Юля окинула взглядом «хоромы» и скривилась. Да уж, красота: крохотная изба, поделённая на две половины. В одной полагалось жить Юле, вторая отводилась под медпункт, то есть рабочее место девушки. Ни электричества, ни канализации, ни водопровода… Колодец во дворе, как и туалет.
- Тут у нас хорошо,- продолжал бубнить мужик в бороду, распахивая перед новым доктором дверь. Правда, перед этим пришлось изрядно повозиться с амбарным замком, украшавшим вход.- Свежий воздух, лес, речка… А какие люди!..

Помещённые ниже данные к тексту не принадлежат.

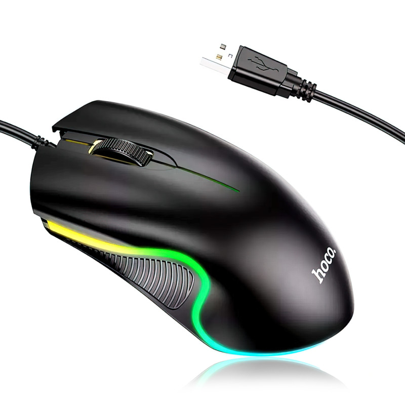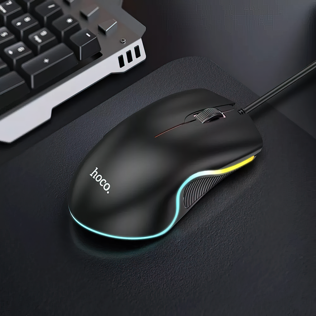 - Геймерський дизайн з RGB-підсвіткою: миша Hoco GM19 виділяється стильним геймерським дизайном і багатобарвною RGB-підсвіткою, що додає атмосферності;

Юля почти не слушала. Стояла на одном месте, словно вросла подошвами итальянских сапожек в жирную сибирскую землю, и проклинала тот миг, когда согласилась отработать год в этом богом забытом селе. Было мощнейшее желание сорваться с места и бежать, бежать до самой Москвы, не останавливаясь на перекуры и сон. Всё, что угодно – но не это!
- Спасибо,- выдавила Юля, перетаскивая через порог тяжёлый чемодан: колёсики вязли в осенней грязи.

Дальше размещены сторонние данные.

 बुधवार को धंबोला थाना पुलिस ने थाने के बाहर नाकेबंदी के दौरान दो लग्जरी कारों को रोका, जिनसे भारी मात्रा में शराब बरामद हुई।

«Это только на один год,- сказала она себе, чувствуя, как мороз безысходности сковывает внутренности.- Всего лишь один год. Двенадцать месяцев. Переживу».
Дверь с треском захлопнулась за спиной.

Юля привычно проснулась от холода. Накрылась головой одеялом, но это не принесло ни капли тепла: за ночь изба успела выстудиться. За окном тонко выла вьюга, метущая вот уже седьмой день; за стёклами невозможно было рассмотреть ничего, кроме снежной круговерти.
«Сейчас постучат»,- подумала она мрачно, кривясь, как от зубной боли. Впрочем, кривилась тоже мысленно – за прошедшие недели успела привыкнуть к ежеутренним визитам селян. Или нет? На сердце ложилась ледяная лапа всякой раз, когда через час после рассвета в дверь её дома раздавался громкий стук.
Не прошло и нескольких секунд, как дверь содрогнулась от мощных ударов. Вьюга за окном взвыла с удвоенной силой.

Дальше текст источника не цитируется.